In 1759, the king became smitten by a raven-haired, statuesque twenty-year-old named Anne Coupier, who went by the name Mademoiselle de Romans. That year, Louis also impregnated Marguerite Sainte-Hainault, one of the girls from the town house in the rue Saint-Médéric. She bore the king a daughter in 1760, the same year the king got seventeen-year-old Lucie d’Estaing with child. Madame de Pompadour, now pushing forty, took more than a passing interest in these fertile royal paramours, but there was never a question that the king’s by-blows would be legitimized or even be taken to reside in the palace. In 1761, Mademoiselle de Romans became pregnant, and Louis began to flaunt his luscious brunette everywhere. The son she bore him on January 13, 1762, was baptized Louis-Aimé de Bourbon, and for the first time, Pompadour worried. Would the king legitimize him? He obviously recognized the boy as his own.

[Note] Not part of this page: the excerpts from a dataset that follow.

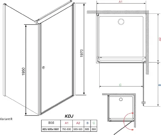 Душевой уголок Radaway Eos KDJ 80x100 прозрачное стекло R 37543-01-01NR
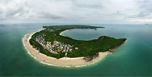 涠洲岛在广西壮族自治区北海市涠洲镇。涠洲岛占地面积为24.74平方千米,在北海市的南部,雷州半岛西边,岛形近似于圆形,东和西宽六公里,南北长六点五公里,在地质上,地表隆起,涠洲岛的南半部以海蚀地貌为主,海滩以宽阔平坦的沙质海滩为主。
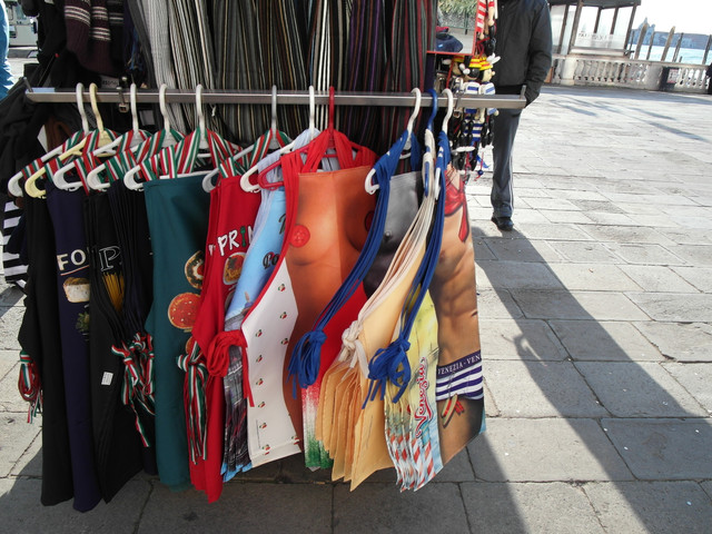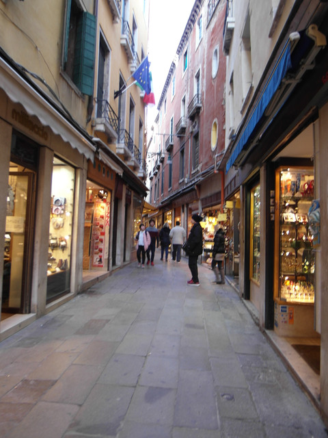 從聖馬可大教堂出來肚子也餓了, 我們就隨意地鑽進一旁的小巷覓食, 威尼斯真不愧為著名的觀光城市, 到處都有販售紀念品的小攤販

Unable to suppress her curiosity, one day the marquise and the mistress of her household rode out to the Bois de Boulogne, aware that the new mother had a habit of brazenly breast-feeding her bastard in the park. To disguise her features, Madame de Pompadour held a handkerchief to her face and pretended to have a toothache in order to get close to the nursing mother and glimpse her longtime lover’s child—the infant she would have dearly loved to have given him herself.

Louis’ liaison with the bourgeois Mademoiselle de Romans made Pompadour appreciate all the more the precariousness of her position after so many years. Perhaps being the king’s most trusted confidante was no longer enough. More than anything, she wished to stay at court, but what remained between her and Louis seemed a mere shadow of their former romance.

Luckily for the marquise, motherhood had transformed Mademoiselle de Romans into a transparent gold digger, and Louis soon tired
of her. He moved on to a less demanding chit, enjoying an even briefer flirtation with a woman from an even lower class.

The maréchale de Mirepoix, one of Pompadour’s friends at court, summed up the king’s attraction to the marquise long after the passion waned and Louis had turned to younger, nubile, and more willing girls to warm his bed. These adolescents could never know his mind. “He’s used to you, he doesn’t have to explain himself when he’s with you. If you disappeared and somebody younger and more beautiful were suddenly to be found in your place I dare say he wouldn’t give you another thought, but he’ll never be bothered to make a change himself. Princes, above all people, are creatures of habit.”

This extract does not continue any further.